BringMeTheNews moved in, the office expanded once again, and now Smithmier wouldn't have it any other way.

"You get a real practical benefit for all four companies," Smithmier said. "It's cheaper to be here now because we're sharing the cost of having an office manager and supplies and coffee and all those little things."

Daniel Forbes, a professor at the Carlson School of Management, said this type of "portfolio entrepreneurship" is relatively common, and it's often used as a way to diversify risk and experiment with different opportunities.

"The relationship among these businesses may not be apparent at first, and so they can seem like a mish-mash," Forbes said. "But often there is a thread of connectedness, which may have to do with the managerial expertise involved in running those businesses, rather than any obvious similarities in terms of the products.
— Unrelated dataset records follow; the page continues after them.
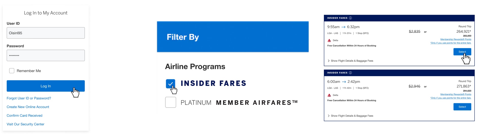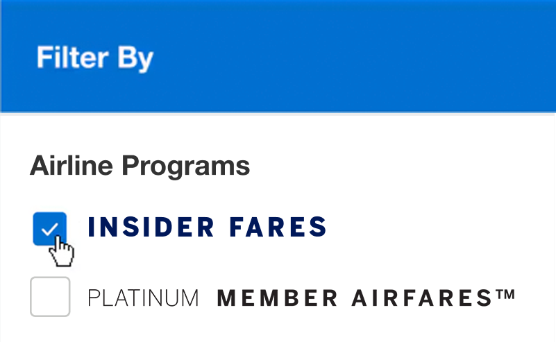 Insider Fares are valid only for Membership Rewards® program-enrolled Cards when a Card Member is booking through AmexTravel.com. Insider Fares will display in search results on AmexTravel.com only if an eligible Card Member is logged into his/her account and has enough Membership Rewards points for the entire fare; otherwise, publicly available fares will display. Insider Fares are fares for which less Membership Rewards points are required to purchase the flight. The entire amount of the purchase must be covered using Membership Rewards points. Insider Fares are only available on select flights. When purchasing an Insider Fare, the dollar amount of the fare will be charged to the Card Member’s account and a credit will be issued in that dollar amount on the Card Member’s statement; additionally, the number of Membership Rewards points required for the fare will be deducted from the Card Member’s Membership Rewards account balance. Participating airlines and benefits are subject to change. For more information about the Membership Rewards program visit www.membershiprewards.com/terms.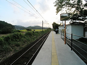ホームは単式1面1線。委託の駅員がいました。洋風の装飾がなされた可愛らしい駅舎が建っています。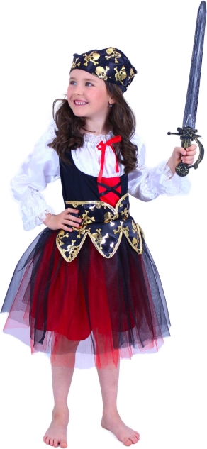 Staň se pirátkou, která má styl! Tento krásný saténový kostým s tylovou sukní je ozdoben páskem se zlatým potiskem s motivem lebek. Aby byl kostým kompletní, obsahuje šátek na hlavu ve stejném designu. Tento kostým ve velikosti M je vhodný pro děvčata ve věkovém rozmezí 6-8 let (116-128cm). Nejen letos je potřeba myslet EKO-nomicky i EKO-logicky! EKO-balení je vhodné zejména pro e-shopy kde zákazník nakupuje dle fotografie a není třeba velkého balení s věšákem. EKO-logicky – na balení bylo použito méně plastu a dalších materiálů. Jedná se o malý transparentní obal s fotografií. EKO-nomicky –EKO-obal zabere jen polovinu místa – šetřete skladová místa s námi!
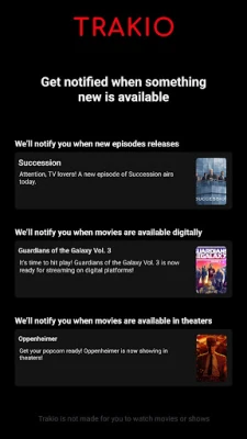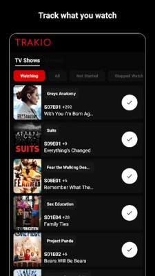 Trakio, aradığınız film ve TV rehberi uygulamasıdır. Trakio ile kolaylıkla TV şovlarını, filmleri ve izlediğiniz bölümleri takip edebilir ve aynı zamanda yeni çıkanları da takip edebilirsiniz.

With Matter Worldwide, for example, there is a thread of commonality having to do with the management of businesses at the intersection of technology and media."

Studying, Social-Media Style

Smithmier's newest venture, Sophia, might prove to be the biggest to date. Offshore workers keep the site under construction 24 hours a day. Fourteen hundred users are already rating the lessons, and academics have double-checked the material to give it academically sound ratings.

The idea for Sophia came out of a chat between Smithmier and GoKart partner A.J. Meyer, who agreed that online education started to flat-line just as social networking took off. On Sophia, users can read an instructor's Facebook-style profile, follow the lessons on Twitter, and search tags to find content.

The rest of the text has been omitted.